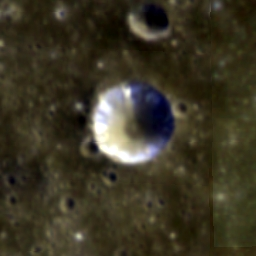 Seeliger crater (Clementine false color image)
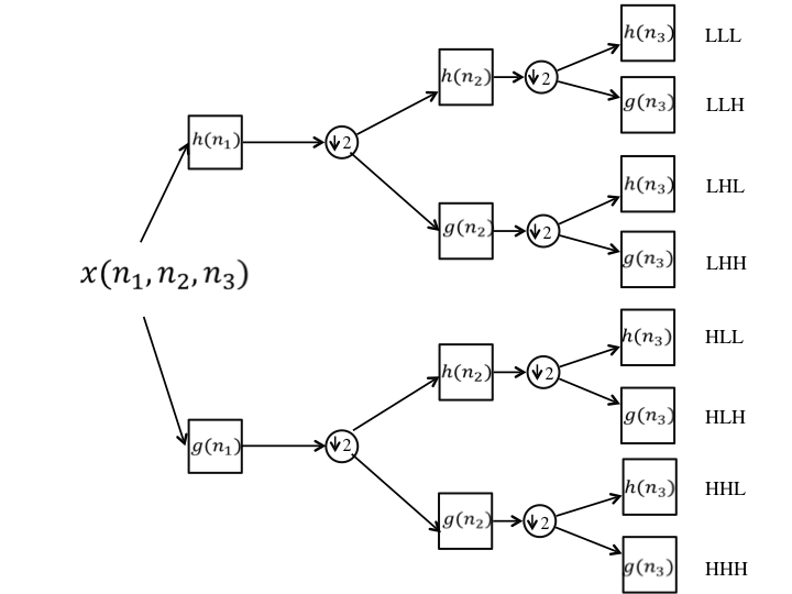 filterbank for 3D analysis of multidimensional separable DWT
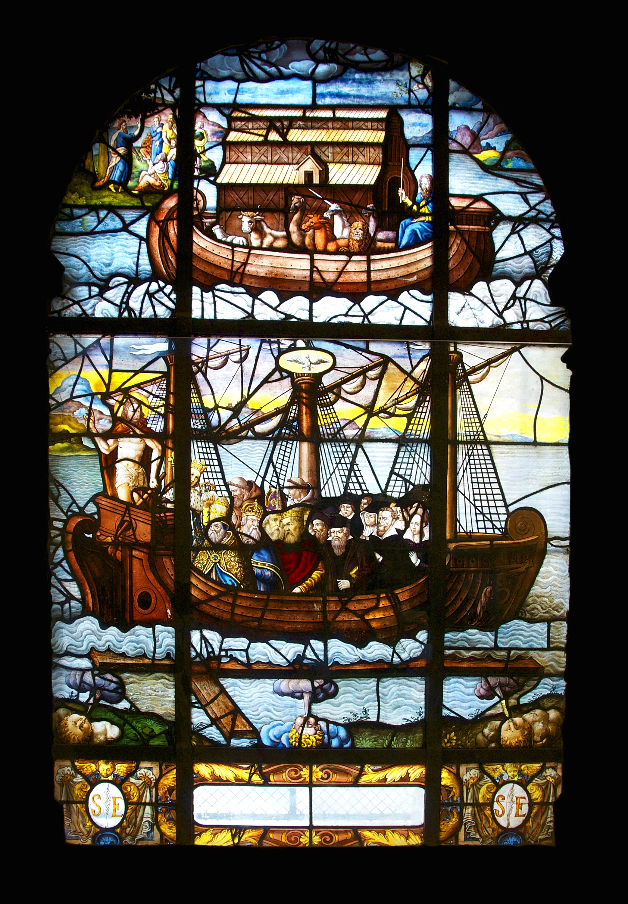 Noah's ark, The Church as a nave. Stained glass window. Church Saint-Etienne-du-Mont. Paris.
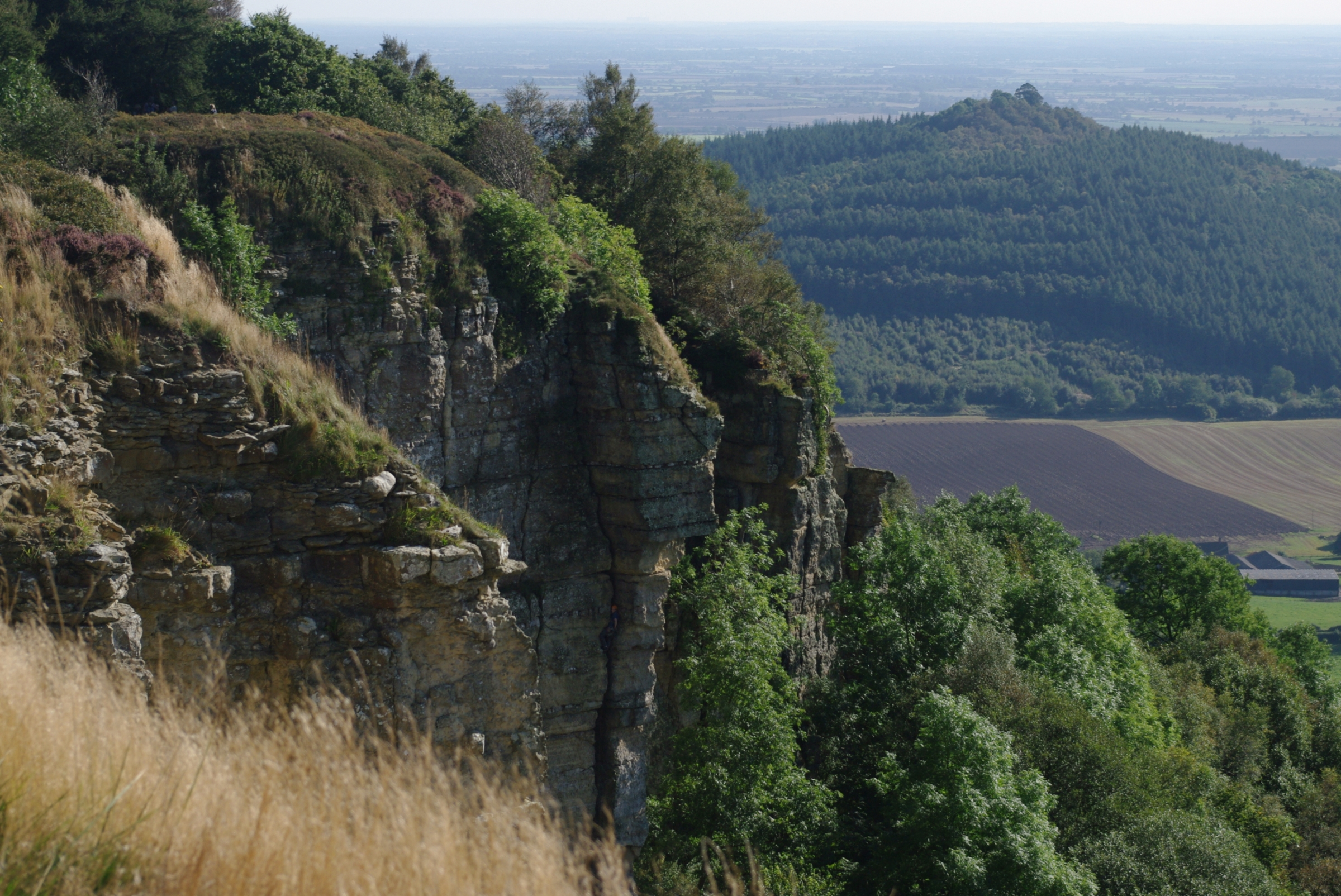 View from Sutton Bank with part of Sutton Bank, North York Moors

◆ **What to work on**
Your task is to reproduce exactly the lines from the one with "filterbank for 3D" to the end of the material, both included, with the pictures left out.

◆ **Exercise result**
 filterbank for 3D analysis of multidimensional separable DWT
 Noah's ark, The Church as a nave. Stained glass window. Church Saint-Etienne-du-Mont. Paris.
 View from Sutton Bank with part of Sutton Bank, North York Moors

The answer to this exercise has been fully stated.